**Study material**

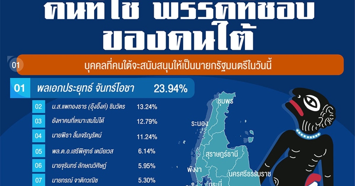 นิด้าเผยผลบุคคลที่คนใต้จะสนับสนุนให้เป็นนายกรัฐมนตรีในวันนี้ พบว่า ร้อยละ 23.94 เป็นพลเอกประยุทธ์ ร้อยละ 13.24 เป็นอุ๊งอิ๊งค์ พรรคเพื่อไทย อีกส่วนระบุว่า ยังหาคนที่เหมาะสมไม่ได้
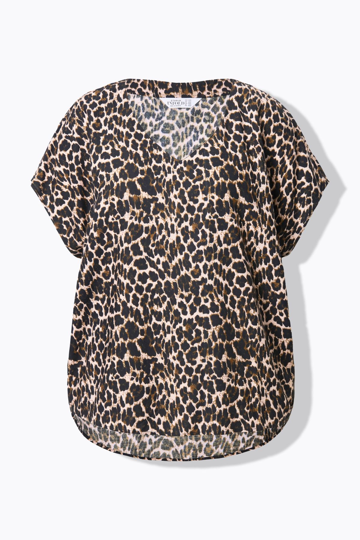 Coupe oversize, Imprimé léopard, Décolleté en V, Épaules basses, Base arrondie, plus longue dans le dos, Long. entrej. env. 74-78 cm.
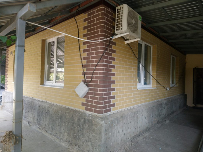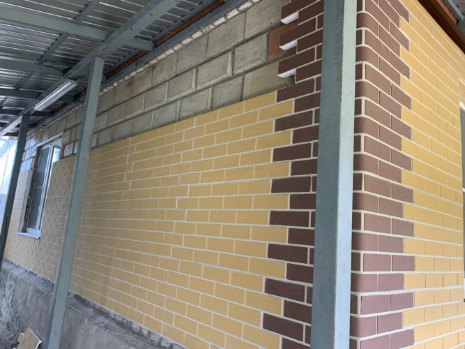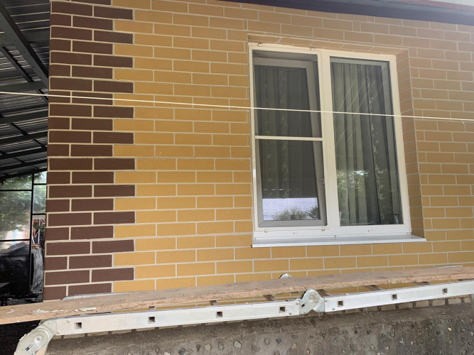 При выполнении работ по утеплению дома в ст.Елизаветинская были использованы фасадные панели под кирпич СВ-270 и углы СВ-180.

==

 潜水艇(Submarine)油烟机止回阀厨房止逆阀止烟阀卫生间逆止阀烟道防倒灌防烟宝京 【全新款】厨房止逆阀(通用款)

**Activity**
Of all the material above, only the lines from the one that has "พรรคเพื่อไทย อีกส่วนระบุว่า ยังหาคนที่เหมาะสมไม่ได้" down to the one that has "При выполнении работ" are to be written out, exactly and with both ends included. Pictures are skipped.

**Reply to the exercise**
 นิด้าเผยผลบุคคลที่คนใต้จะสนับสนุนให้เป็นนายกรัฐมนตรีในวันนี้ พบว่า ร้อยละ 23.94 เป็นพลเอกประยุทธ์ ร้อยละ 13.24 เป็นอุ๊งอิ๊งค์ พรรคเพื่อไทย อีกส่วนระบุว่า ยังหาคนที่เหมาะสมไม่ได้
 Coupe oversize, Imprimé léopard, Décolleté en V, Épaules basses, Base arrondie, plus longue dans le dos, Long. entrej. env. 74-78 cm.
 При выполнении работ по утеплению дома в ст.Елизаветинская были использованы фасадные панели под кирпич СВ-270 и углы СВ-180.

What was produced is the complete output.